Wilfred McClay, a Presbyterian, once wrote in a Touchstone Magazine symposium on the “Emergent Church Movement” , and speaking about the Emergent movement:
“Indeed, I wish I didn’t have the feeling, reading this document, that I was reading about the roll-out of a self-consciously “retro” new-model car, a sort of ecclesiastical PT Cruiser, which thinks itself “ancient” because it can play Gregorian chant on its sumptuous audio system.”

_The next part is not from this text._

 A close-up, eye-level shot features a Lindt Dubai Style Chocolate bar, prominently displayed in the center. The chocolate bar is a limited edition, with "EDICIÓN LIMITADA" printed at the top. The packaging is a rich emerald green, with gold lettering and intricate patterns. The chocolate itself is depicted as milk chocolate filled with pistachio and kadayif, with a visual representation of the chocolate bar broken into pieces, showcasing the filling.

I spent a number of years, once I got out of a rather closed-in-on-itself denomination which had its origins in the 19th century, looking for “authentic Christianity.” I explored with other Christians who were “emergent,” even before the term became popular. There was a part of me that was fascinated with truly ancient Christian practice, theology, and spirituality. What I have since discovered, by God’s grace — and knowing myself, certainly not by my own ingenuity — is that the Body of Christ has been there all along, preserving not only ancient dogma, tradition, art, spirituality, liturgy, social action, etc., but that a return to the roots of our Christian Faith brings immeasurable existential authenticity, as well. There is something about reconnecting to the historical Church — Her prayer life, liturgy, Tradition, Hagiography, Scripture, and daily praxis — that deepens my own spiritual experience and being, my own Christian existentialism.

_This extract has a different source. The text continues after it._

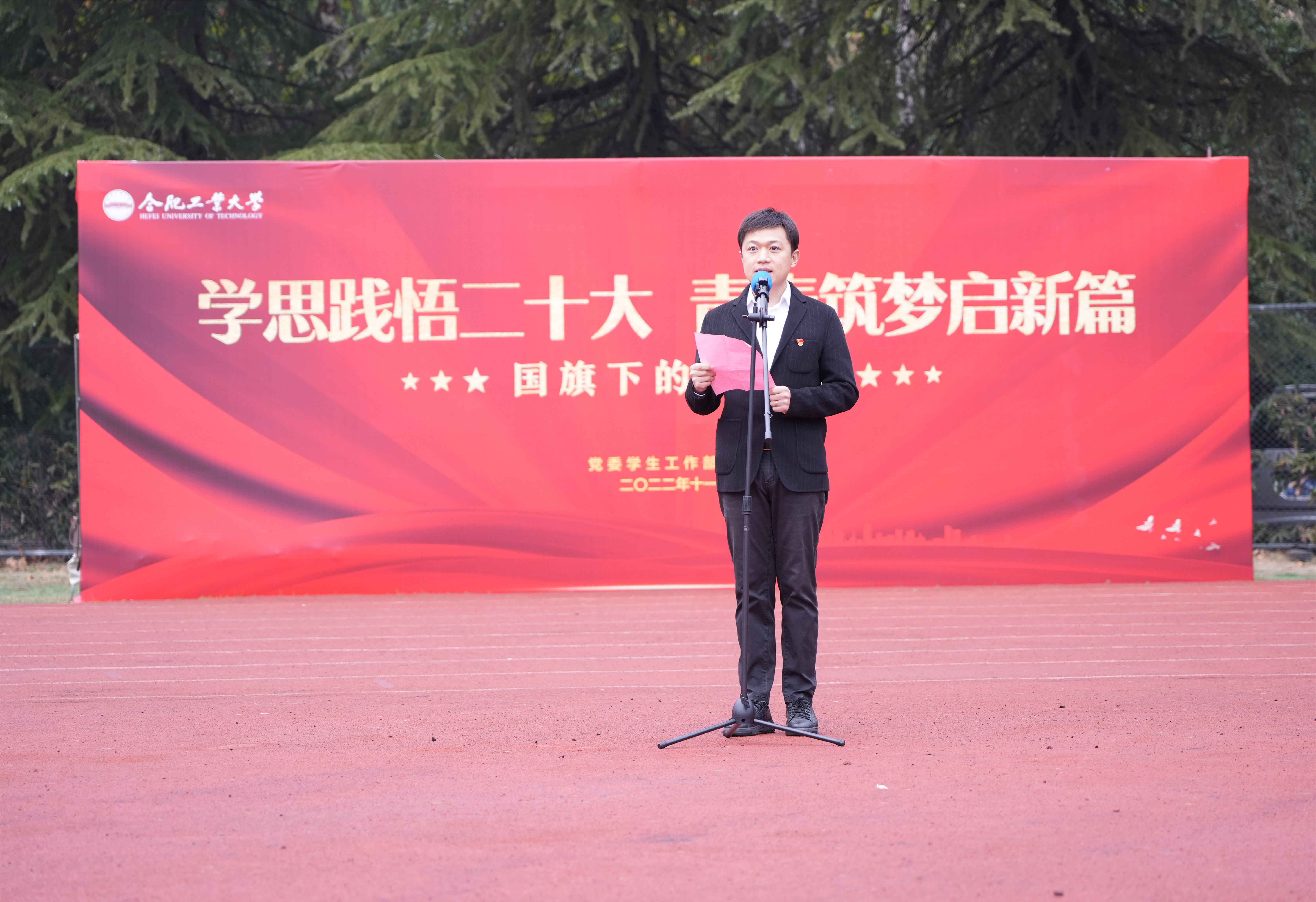 在屯溪路校区举行了以“学思践悟二十大 青春筑梦启新篇”为主题的升旗仪式暨国旗下的思政课主题教育活动。学院相关负责人、2019级、2020级全体本科生和研究生参加活动。

My own past taught me — drilled into me week after week — to “not trust your feelings.” And, to a degree, I am appreciative of that solemn warning. Certainly, too many people in the Christian world depend on feelings first, truth second, though they would likely never conceive that this was the case. But, too many who despise “feelings” depend far too heavily on their own perception of truth, rather than on the historical Faith of the Apostolic Church. Yes, feelings can be mistaken. But, in my own experience, the intellect can be mistaken just as well.
What Orthodoxy does is to wed the two. Nowhere have I found such a beautiful marriage of both dogma and mysticism, of both factual, historical dogmatics and noetic, spiritual beauty. The key, as Chesterton might have said, is to hold both extremes “furiously,” to insist that neither “truth” nor “feelings” can or even should exist on their own right, in isolation. God is truth, but He is also Love. He is Beauty. He came to us neither as a fact book nor as a fresco, but as a Person.
All this, and more, I have found in Orthodoxy.